WORK REQUEST: Extract the records in full, leaving every picture out.

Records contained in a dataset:

····················

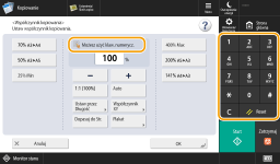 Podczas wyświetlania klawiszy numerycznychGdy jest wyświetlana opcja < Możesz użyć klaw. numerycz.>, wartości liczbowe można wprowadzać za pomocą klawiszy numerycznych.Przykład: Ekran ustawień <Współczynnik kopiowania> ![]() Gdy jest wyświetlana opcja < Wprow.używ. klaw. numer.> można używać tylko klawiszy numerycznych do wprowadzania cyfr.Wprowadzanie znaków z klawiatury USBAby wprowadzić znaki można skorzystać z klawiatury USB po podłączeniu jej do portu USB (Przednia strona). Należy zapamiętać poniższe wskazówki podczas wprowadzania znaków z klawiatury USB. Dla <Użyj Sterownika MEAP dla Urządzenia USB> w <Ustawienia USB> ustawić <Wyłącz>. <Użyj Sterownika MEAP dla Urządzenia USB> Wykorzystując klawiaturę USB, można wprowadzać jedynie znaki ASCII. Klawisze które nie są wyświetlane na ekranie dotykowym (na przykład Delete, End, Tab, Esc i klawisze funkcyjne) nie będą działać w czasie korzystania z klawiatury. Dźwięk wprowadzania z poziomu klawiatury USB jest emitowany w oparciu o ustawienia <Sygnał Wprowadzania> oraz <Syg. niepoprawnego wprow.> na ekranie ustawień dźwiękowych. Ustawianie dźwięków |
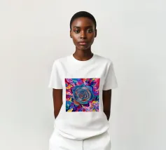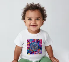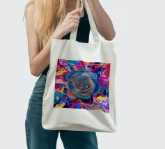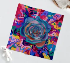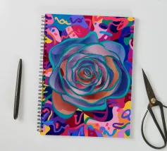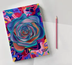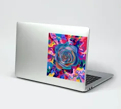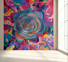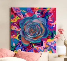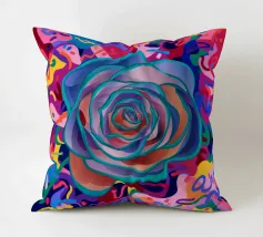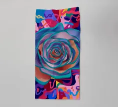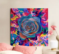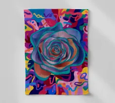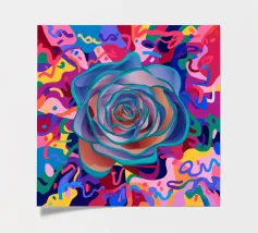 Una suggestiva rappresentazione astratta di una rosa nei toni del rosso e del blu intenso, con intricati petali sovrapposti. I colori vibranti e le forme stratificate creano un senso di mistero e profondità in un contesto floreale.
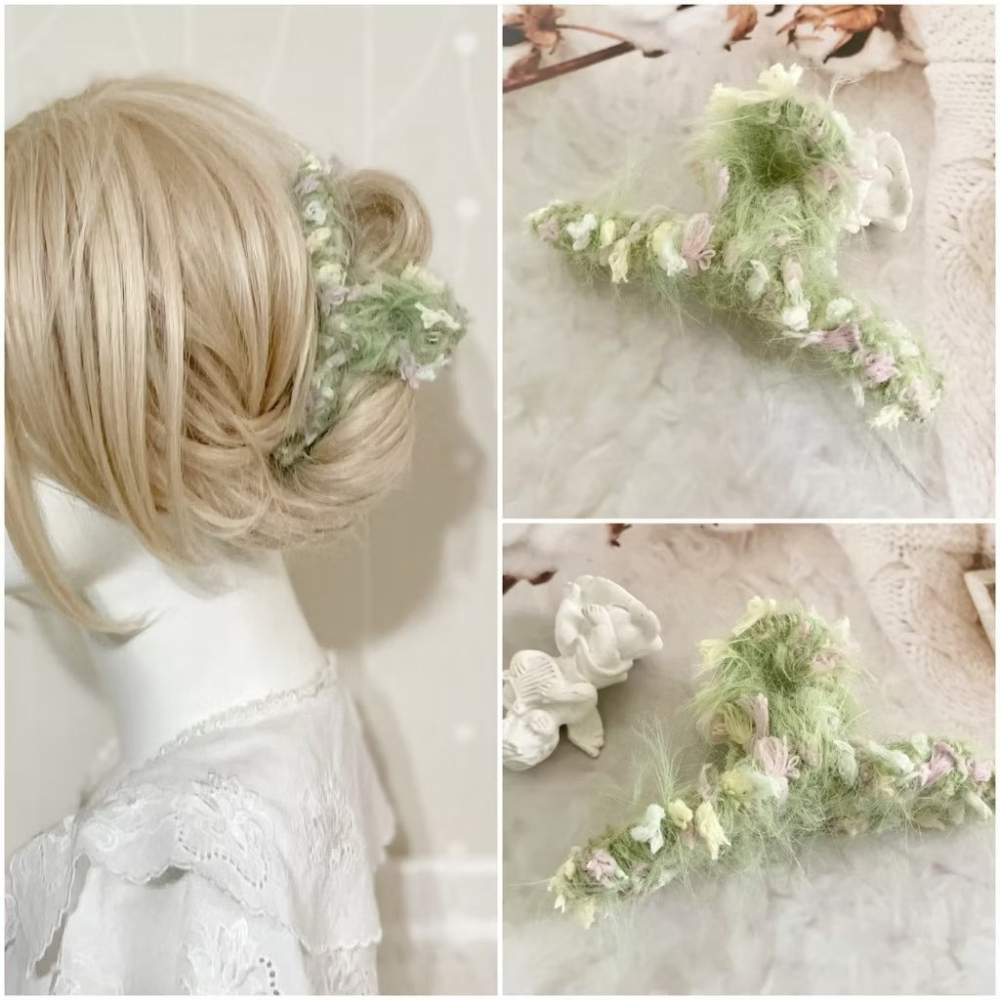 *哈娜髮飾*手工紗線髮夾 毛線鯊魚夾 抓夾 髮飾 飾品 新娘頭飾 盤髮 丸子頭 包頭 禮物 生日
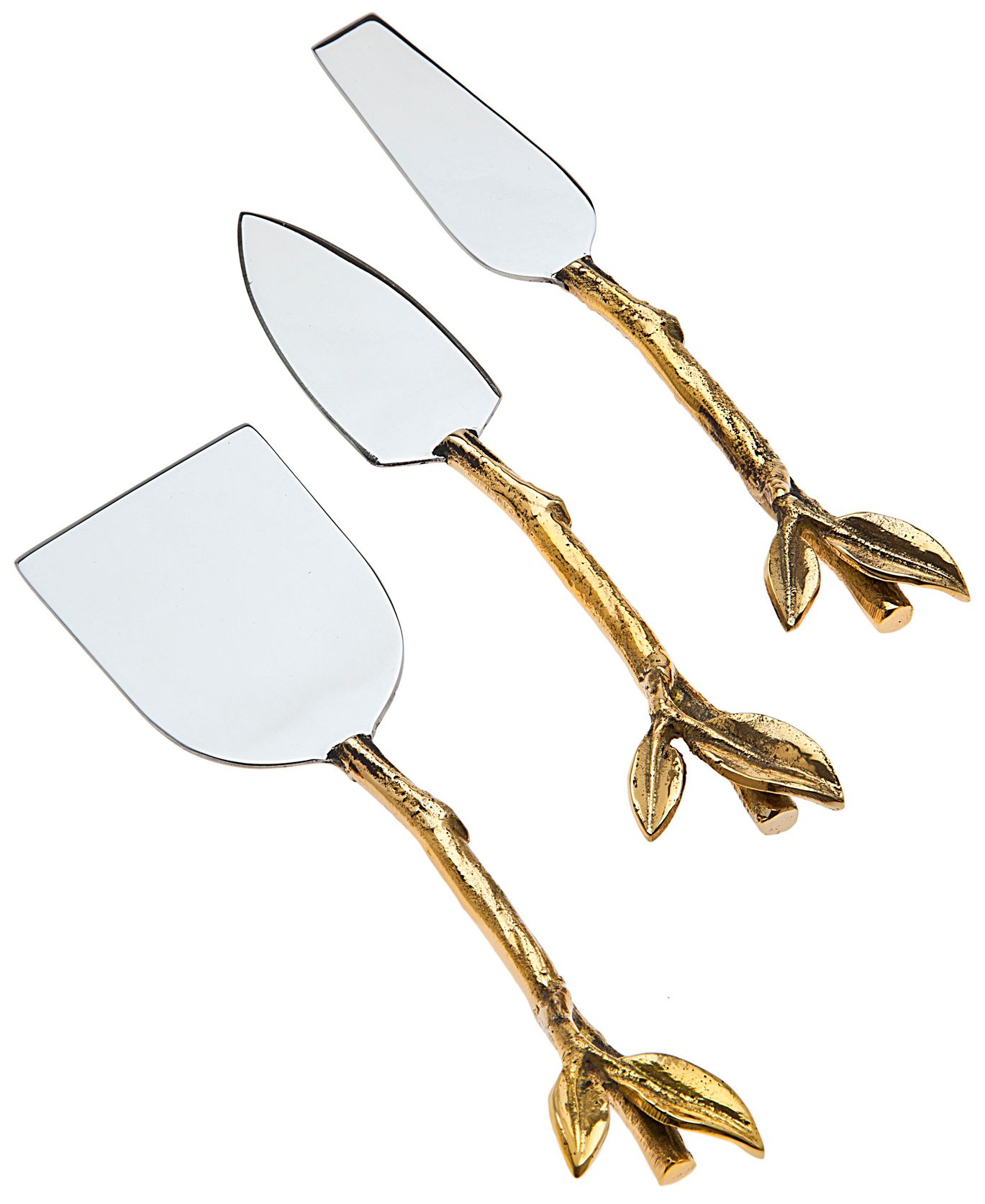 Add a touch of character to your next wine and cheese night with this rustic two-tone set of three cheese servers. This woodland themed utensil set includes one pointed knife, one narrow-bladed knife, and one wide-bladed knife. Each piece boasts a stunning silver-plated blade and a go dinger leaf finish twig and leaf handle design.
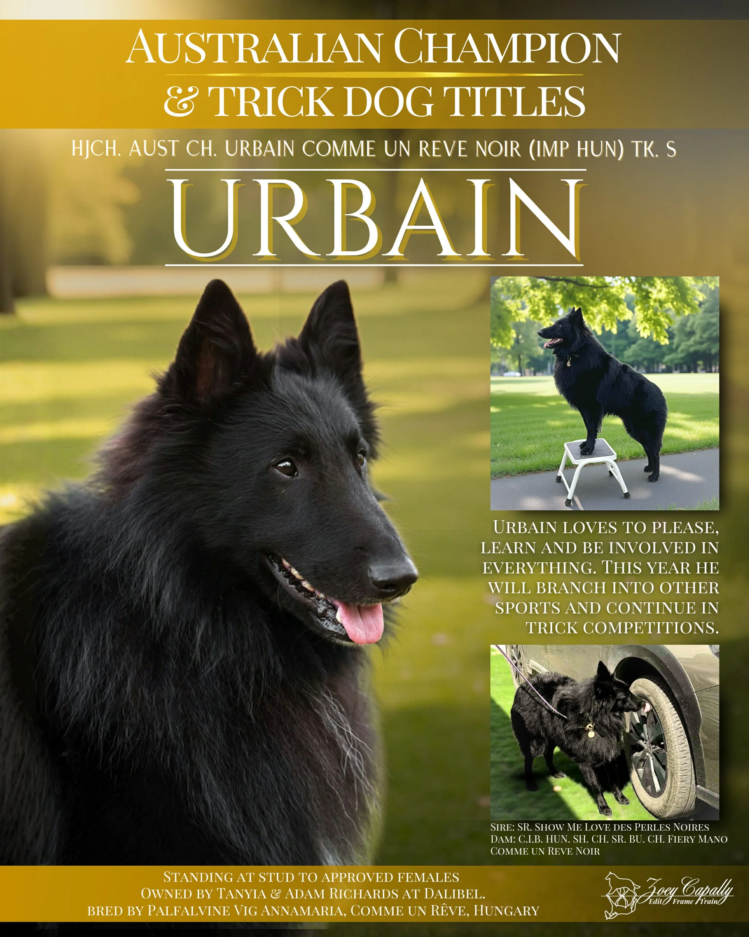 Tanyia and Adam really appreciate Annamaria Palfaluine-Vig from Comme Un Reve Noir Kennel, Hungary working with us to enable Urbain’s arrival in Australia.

····················

ANSWER TO THIS EXERCISE:
 Podczas wyświetlania klawiszy numerycznychGdy jest wyświetlana opcja < Możesz użyć klaw. numerycz.>, wartości liczbowe można wprowadzać za pomocą klawiszy numerycznych.Przykład: Ekran ustawień <Współczynnik kopiowania> ![]() Gdy jest wyświetlana opcja < Wprow.używ. klaw. numer.> można używać tylko klawiszy numerycznych do wprowadzania cyfr.Wprowadzanie znaków z klawiatury USBAby wprowadzić znaki można skorzystać z klawiatury USB po podłączeniu jej do portu USB (Przednia strona). Należy zapamiętać poniższe wskazówki podczas wprowadzania znaków z klawiatury USB. Dla <Użyj Sterownika MEAP dla Urządzenia USB> w <Ustawienia USB> ustawić <Wyłącz>. <Użyj Sterownika MEAP dla Urządzenia USB> Wykorzystując klawiaturę USB, można wprowadzać jedynie znaki ASCII. Klawisze które nie są wyświetlane na ekranie dotykowym (na przykład Delete, End, Tab, Esc i klawisze funkcyjne) nie będą działać w czasie korzystania z klawiatury. Dźwięk wprowadzania z poziomu klawiatury USB jest emitowany w oparciu o ustawienia <Sygnał Wprowadzania> oraz <Syg. niepoprawnego wprow.> na ekranie ustawień dźwiękowych. Ustawianie dźwięków |
 Una suggestiva rappresentazione astratta di una rosa nei toni del rosso e del blu intenso, con intricati petali sovrapposti. I colori vibranti e le forme stratificate creano un senso di mistero e profondità in un contesto floreale.
 *哈娜髮飾*手工紗線髮夾 毛線鯊魚夾 抓夾 髮飾 飾品 新娘頭飾 盤髮 丸子頭 包頭 禮物 生日
 Add a touch of character to your next wine and cheese night with this rustic two-tone set of three cheese servers. This woodland themed utensil set includes one pointed knife, one narrow-bladed knife, and one wide-bladed knife. Each piece boasts a stunning silver-plated blade and a go dinger leaf finish twig and leaf handle design.
 Tanyia and Adam really appreciate Annamaria Palfaluine-Vig from Comme Un Reve Noir Kennel, Hungary working with us to enable Urbain’s arrival in Australia.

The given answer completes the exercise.